- **PROVIDED DATA**:
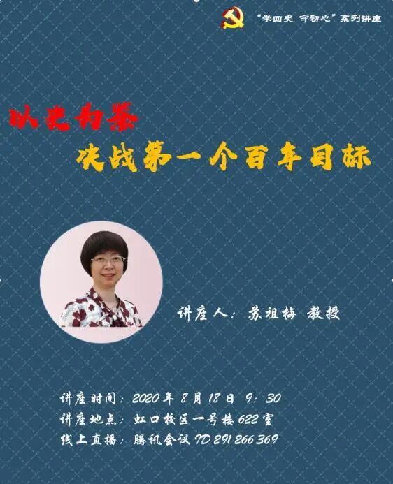 “两个一百年”的第一个一百年奋斗目标期限将近,以史鉴今、资政育人,重视从历史中汲取智慧和力量是中国共产党长期以来的优良传统。2020年8月18日上午,教工党支部书记苏祖梅教授为学院所有学生党员上了一堂题为“以史为鉴——决战第一个百年目标”的主题党课。全院近四十名党员师生线上线下共同参加了本次党课学习,组织部副部长刘燕老师也莅临了本次示范党课的现场给予指导。
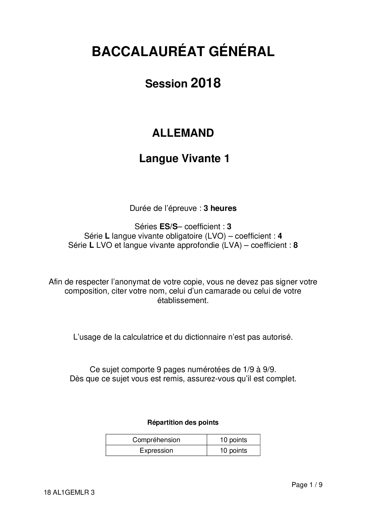 Bac S-ES-L Allemand LV1 Métropole 2018 (Session de remplacement) - Sujet
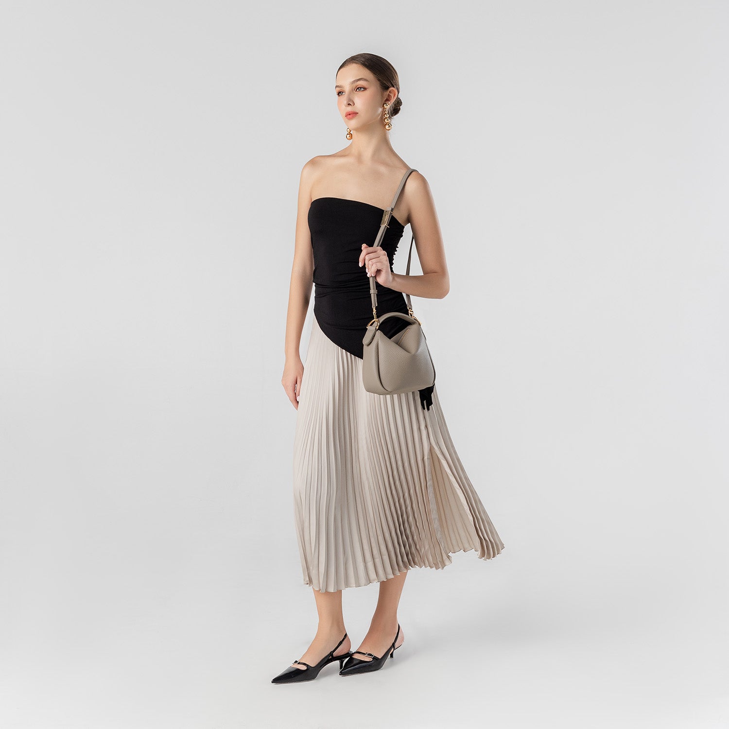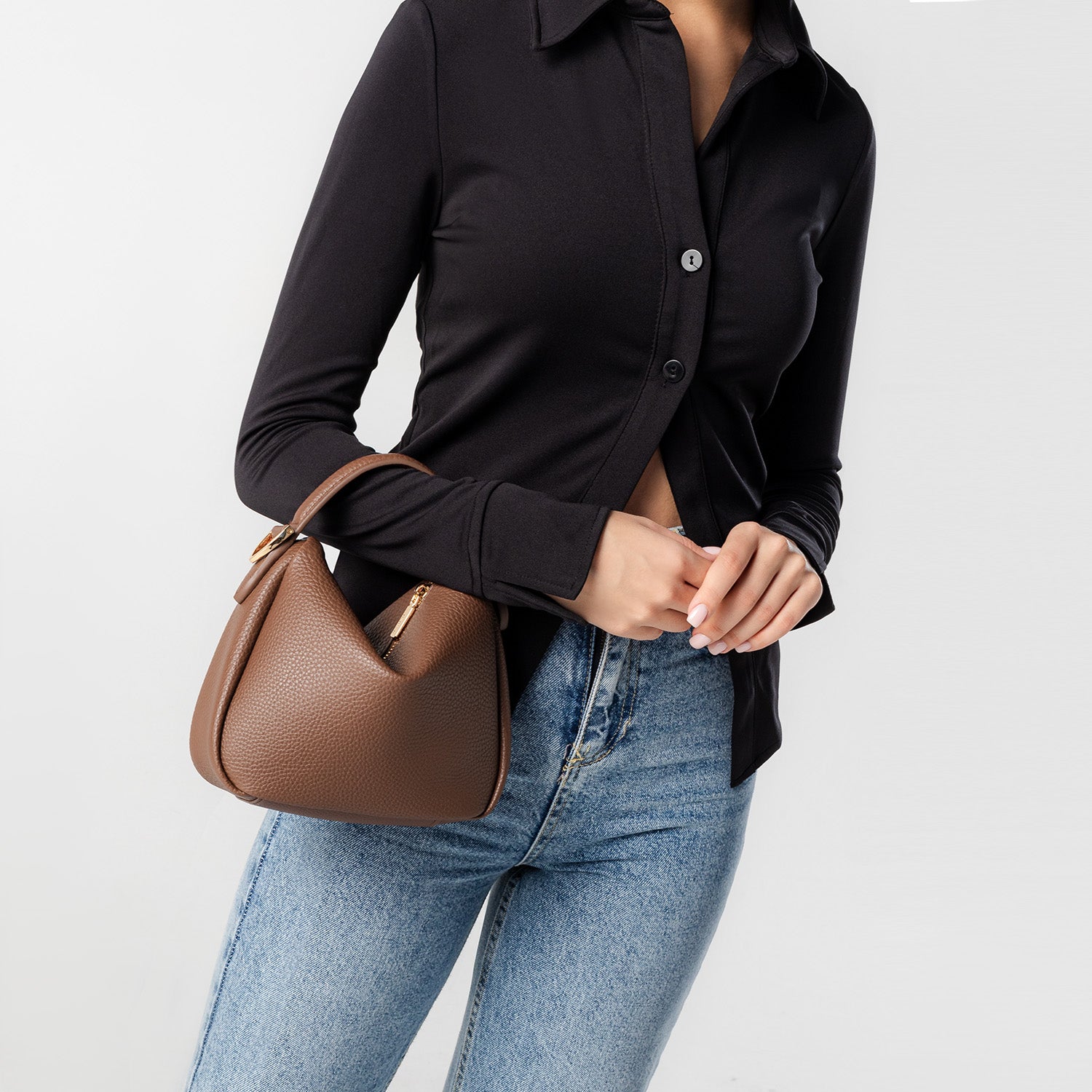 Carry it gracefully on your arm, or go hands-free with the adjustable crossbody strap when you’re on the move.

- **WHAT TO WORK ON**:
In your copy, restate the data above word for word but leave out any picture.

- **RESPONSE AREA**:
 “两个一百年”的第一个一百年奋斗目标期限将近,以史鉴今、资政育人,重视从历史中汲取智慧和力量是中国共产党长期以来的优良传统。2020年8月18日上午,教工党支部书记苏祖梅教授为学院所有学生党员上了一堂题为“以史为鉴——决战第一个百年目标”的主题党课。全院近四十名党员师生线上线下共同参加了本次党课学习,组织部副部长刘燕老师也莅临了本次示范党课的现场给予指导。
 Bac S-ES-L Allemand LV1 Métropole 2018 (Session de remplacement) - Sujet
 Carry it gracefully on your arm, or go hands-free with the adjustable crossbody strap when you’re on the move.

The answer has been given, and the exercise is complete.